Re: Public key authentication defeats passwd age warning.

From: The other Thomas Gardner (tGARDNER_at_ElectEngrngCompSci.CaseWesResUniv.EDU)
Date: 08/27/04

  • Next message: n0ne: "Using SSH Tunnel to circumvent University port blocking"
    Date: 27 Aug 2004 16:48:24 GMT
    
    

    Darren,

    Thanks a bunch for getting back to me. I sure appreciate it. I was
    just about to send basically the same note to openssh-unix-dev, but I
    guess I don't have to now...

    Darren Tucker <dtucker@dodgy.net.au> wrote:
    > In OpenSSH's native password support, password expiry is only checked
    > during password authentication, and the warning is generated as part of
    > that check (auth_shadow_pwexpired in auth-shadow.c).
    >
    > In PAM's world view, password expiry is done as part of the account checks
    > (ie pam_acct_mgmt) which sshd must check for all auth types (since it
    > has no idea what critera PAM might use for those checks).

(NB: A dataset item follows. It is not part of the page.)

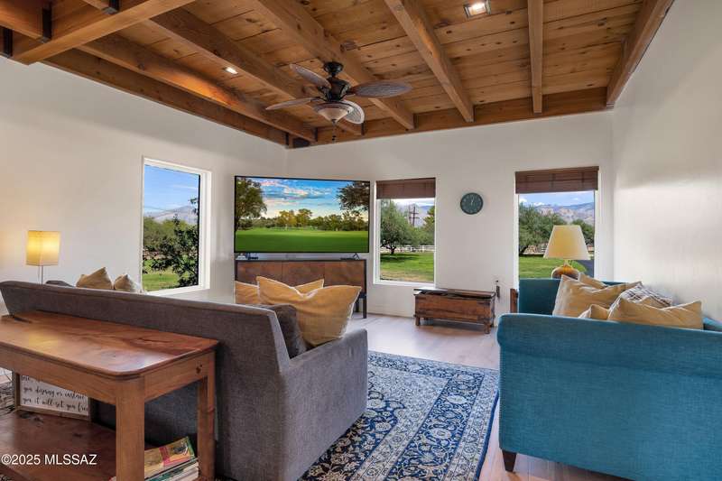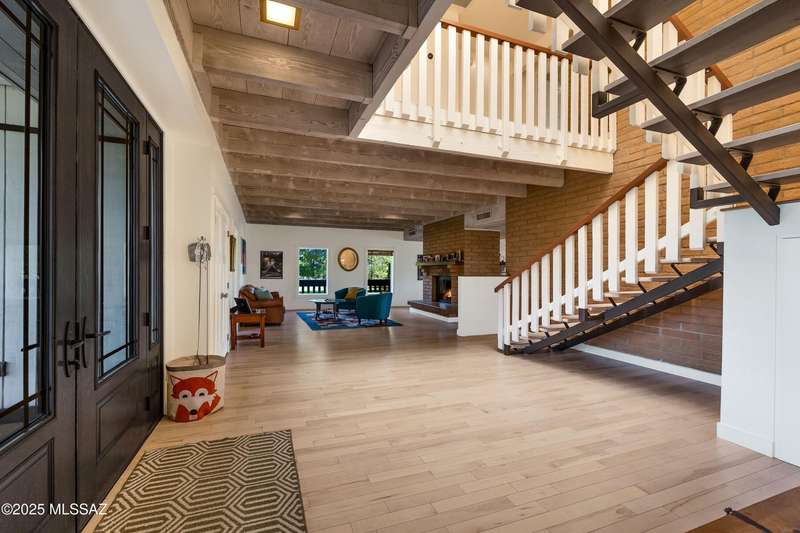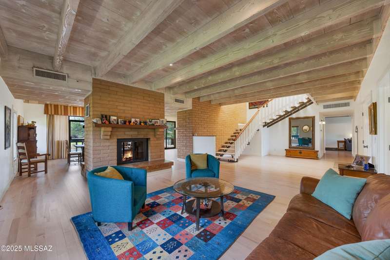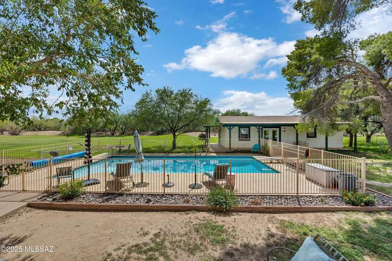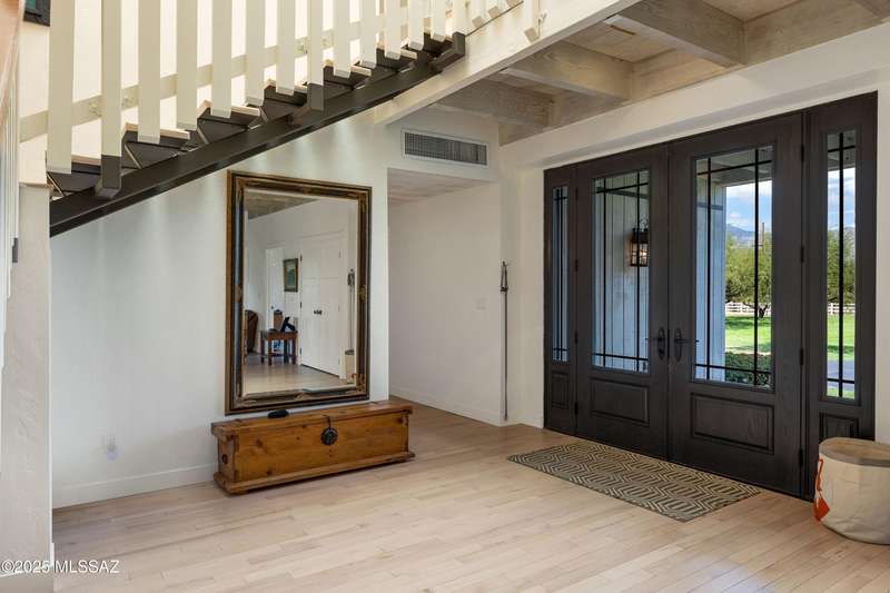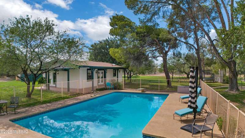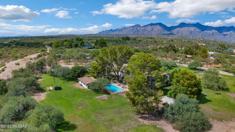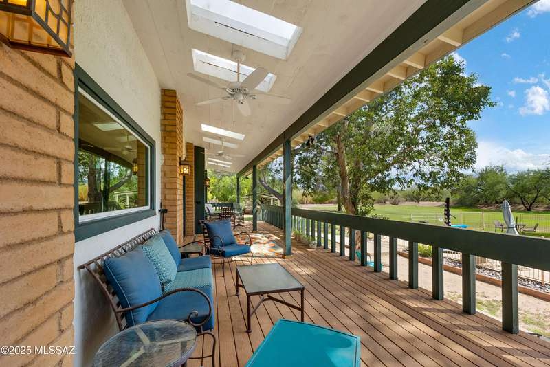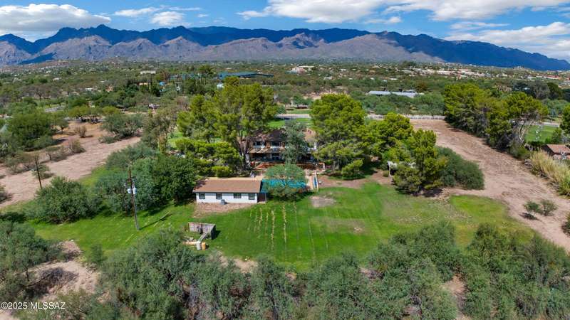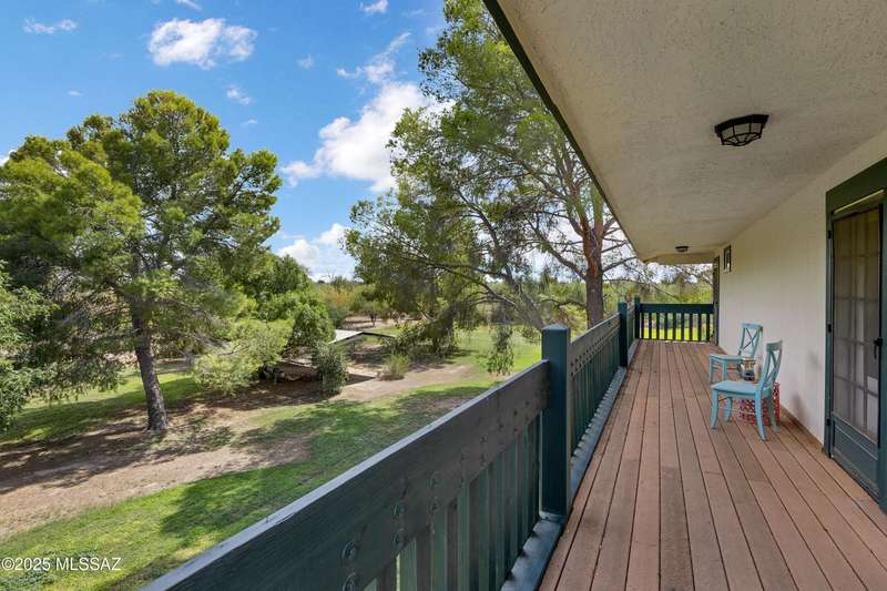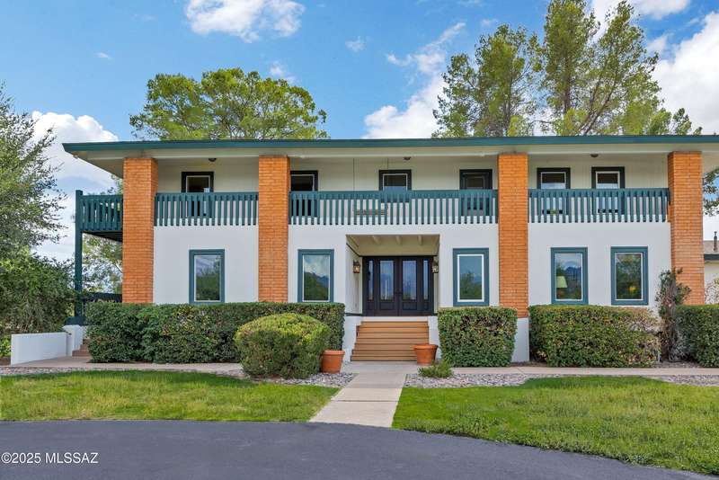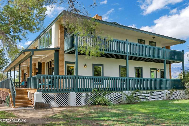 Amazing opportunity to own a truly unique/remodeled home w/guest house & pool in coveted Tanque Verde Country Estates. Arrive via a tree-lined Woodland Rd, down a long/circular driveway, to this warm but stately two story wrapped in porches with sweeping mountain views. The property spans 7.7 horse friendly acres w/private well, grandfathered irrigation rights, direct access to Tanque Verde wash, room for livestock, RV/ rec toys- all with no HOA. Main home offers 5954 sq ft w/a flowing floor plan, six bedrooms (one downstairs) & five bathrooms, high ceilings, maple wood floors, wood beamed ceilings, two double sided sump block fireplaces, immense cabinetry & storage, three car garage. Kitchen features granite countertops, a porcelain stone floor, butcher block island, stainless appliances

    Good info, thanks. Confirms what I'd guessed would be the case.

    > It would be possible to generate the messages for non-password auths too
    > but I'm not sure it makes sense. If you're not using the password at all,
    > is it relevant that it's expired?

    Yes, because my customer sez so. :-)

    Seriously, though, the passwd expiration isn't to keep you out,
    it's meant to try to help limit the exposure to the unauthorized
    folks in case they manage to get your passwd some day. OK, so YOU
    never use the passwd, however, in a sensitive environment, it still
    makes sense to me that you'd still want to change it on a regular
    basis in the off chance that someone else got their hands on it
    and THEY are using it (even if you aren't). That's what passwd
    expiration (in general) is all about, no?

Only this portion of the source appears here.